Deutsche Bank lures Daiwa team to begin mortgage-backed unit.

Deutsche Bank Securities Corp., the U.S. investment banking unit of Germany's Deutsche Bank, has hired a team from Daiwa Securities America, Inc. to launch a mortgage- and asset-backed securities department, the German bank said Wednesday.

The new unit will be part of Deutsche Bank's fixed income division and will be headed by Howard B. Hill, who joins Deutsche bank from Daiwa Securities.

Mr.

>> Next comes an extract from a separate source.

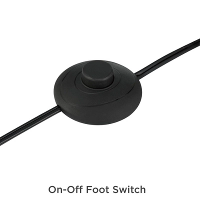 - Standard medium base socket rated up to 100 watts (bulb not included). 8′ black cord. On/off step switch located 33″ from base of lamp.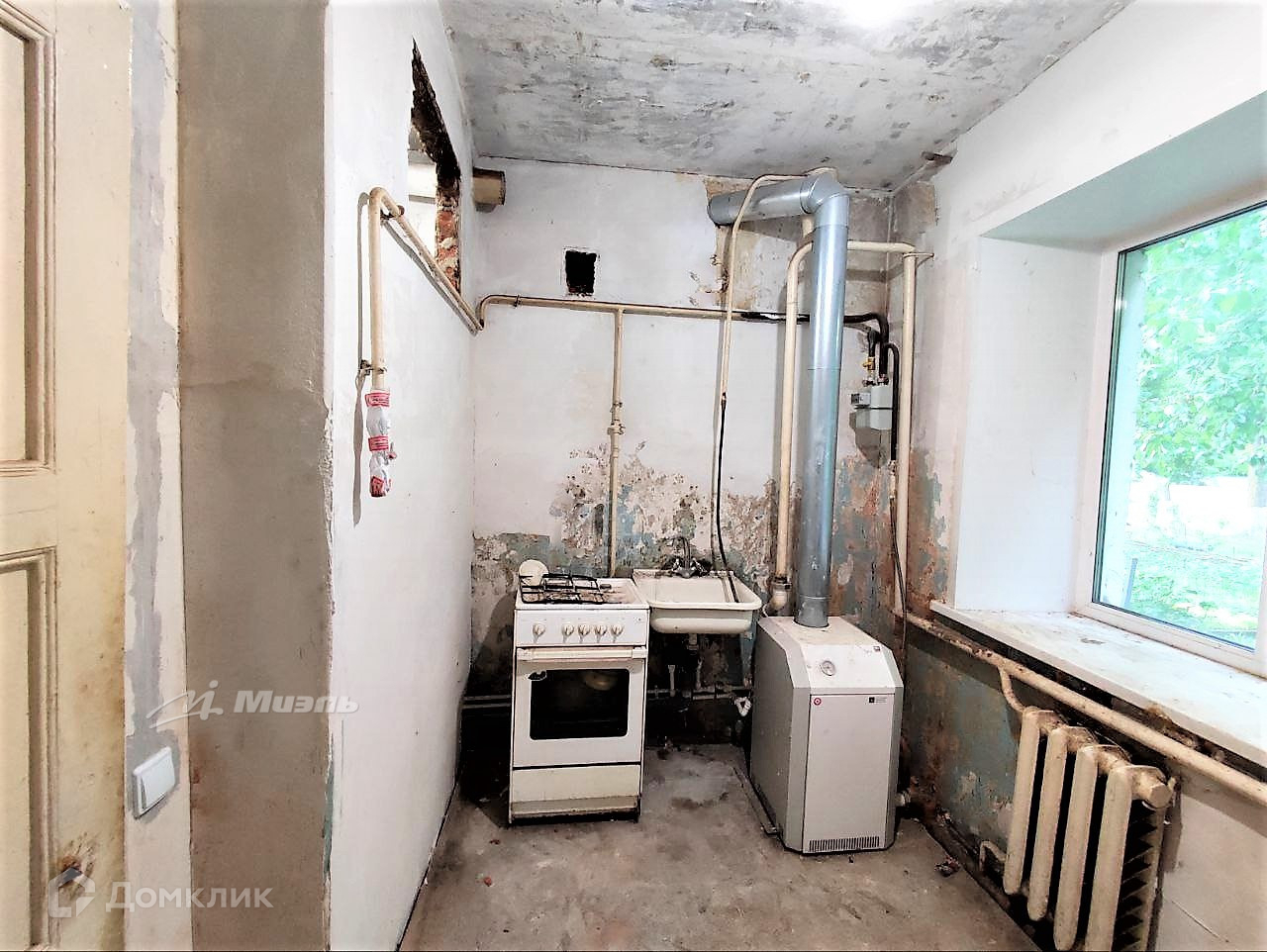 Стены выровнены , готовы под поклейку обоев . Окна ПВХ. Санузел раздельный. Заменены трубы. Установлены все счетчики . Всегда есть горячая вода и отопление ( есть котёл АГВ).

Hill previously worked at UBS Securities as head of the Swiss bank's mortgage finance unit.

He has also worked at Prudential Bache Securities Corp., where he set up a financial strategies group.

He joins Deutsche Bank with five other members of a team hired from Daiwa, including Edward F. Peterson, who will head analytic systems development and production, and Gerard E. Sneider, head of commercial multifamily securitization.

Also joining the department's sales team are John M. Fogarty, Sean K. Bailey, and Elias Katz.

Frankfurt-based Deutsche Bank has nearly $26 billion of assets in North America.

The bank last year launched a concerted drive to build up its corporate and investment banking operations in the United States.

As part of the move, Deutsche Bank gave up its grandfathered, or retroactive, investment banking powers and restructured its capital markets operations under a Section 20 unit.

Like other foreign banks, Deutsche Bank is moving into asset securitization as part of a broader push by U.S. and foreign banks into packaging and selling off loans in the market.

Double Benefit Seen

Asset securitization is particularly attractive to banks because of the fee income it brings in and because it permits banks to get loans off their books, thereby reducing the need for them to tie down capital against potential problems.

With its AAA rating from major credit rating agencies, Deutsche is especially well placed to originate and sell assets.

John J. Meehan, managing director and head of fixed income at Deutsche Bank Securities, said the bank's move into originating and trading securitized assets is part of a "logical step" in Deutsche Bank's efforts to expand "our global securities capability further into North America."